A friend of mine recently “inherited” a horse from a lady convinced the horse was a low performer. She complained the horse was behaving badly, wouldn’t respond to her direction, was unpredictable and a safety hazard. Recognizing the horse’s potential, my friend agreed to take if off her hands.

Employee and leader behavior often mirrors this phenomenon – an under-performing employee is booted by a leader only to realize unprecedented success under the mentoring tutelage of someone else.

Employee potential, like business potential, is just waiting to be recognized and released, but many leaders don’t take the time needed to develop and encourage it – rather taking the attitude “I got to where I am on my own and everyone else should too – it builds character!”.
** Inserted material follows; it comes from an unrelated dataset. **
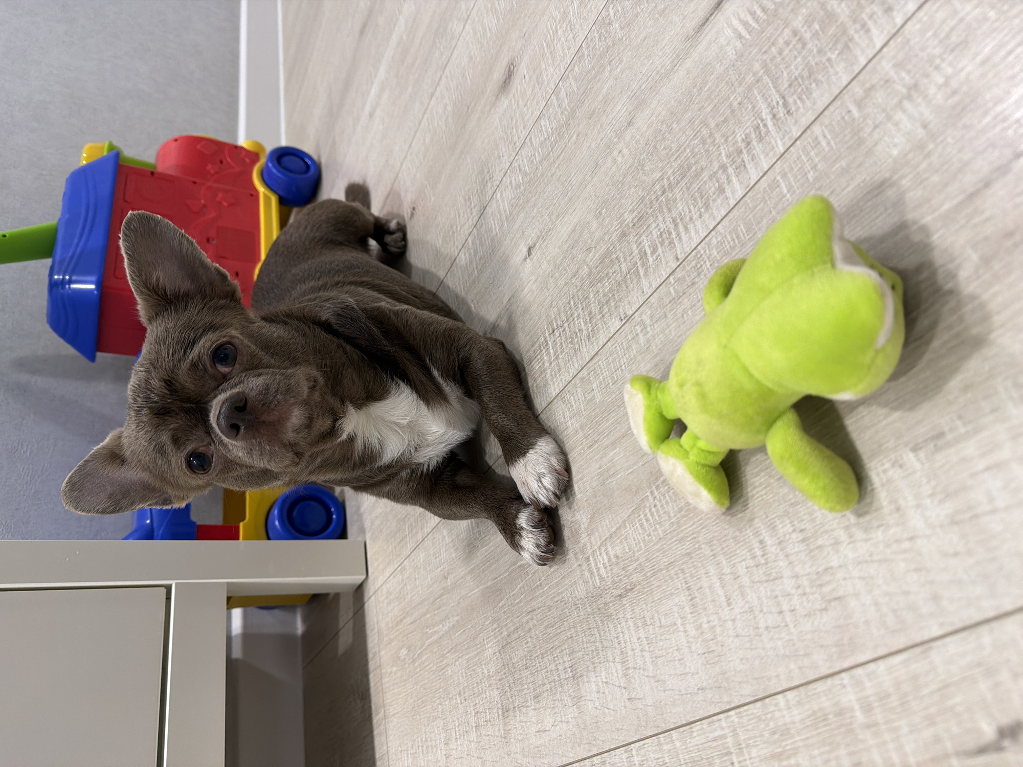 - "A small, gray-brown chihuahua dog with white markings on its chest and paws lies on a light-colored wood-grain floor next to a lime green stuffed frog toy" by FM-MNll92, licensed under CC BY 4.0
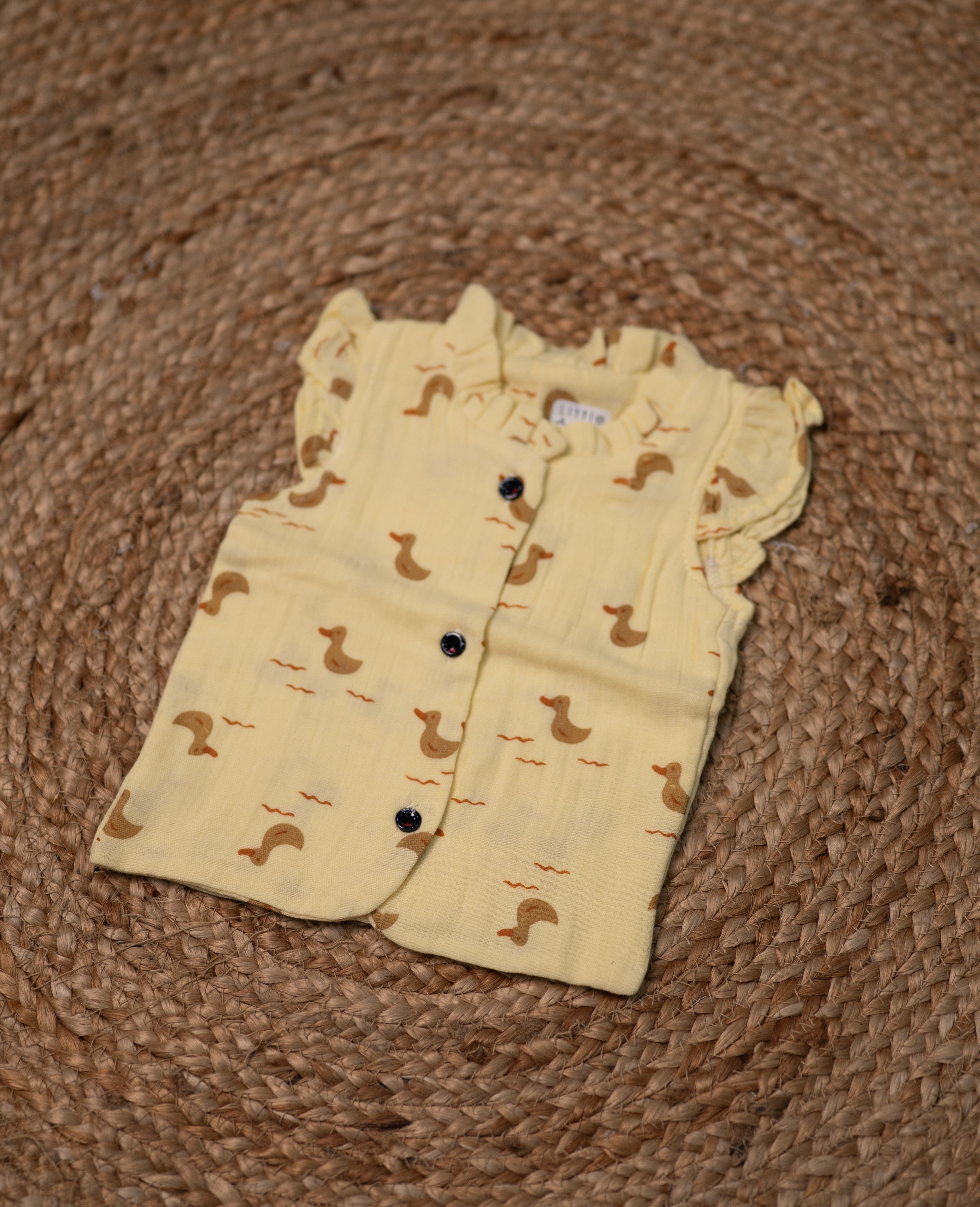 Sleeves: Ruffled cap sleeves that add a delicate, playful touch.

Here are 5 reasons you should strive to become a better leader:

  1. Forget capital equipment purchases – people decisions are your real $1,000,000 decision
  2. Strong leaders can make a “silk purse out of a sow’s ear”. In other words, they can mentor and motivate virtually any employee to higher levels of performance. It’s easy to engage a top performer, but it takes a strong, focused leader to engage a mediocre performer.
  3. High Employee engagement = better business results (including share price, productivity, talent acquisition and retention, customer satisfaction, safety, quality, etc.).
  4. Having a strong succession plan allows your career the flexibility to fly
  5. Your success depends of the success of your team

All employees have strengths and weaknesses. Take time to evaluate your employee’s natural strengths and provide opportunities that leverage those strengths for both the employee and the organization then sit back and witness lightening in a bottle.

 

*Horse-ism – Using good ‘ole horse sense to become an extraordinary leader!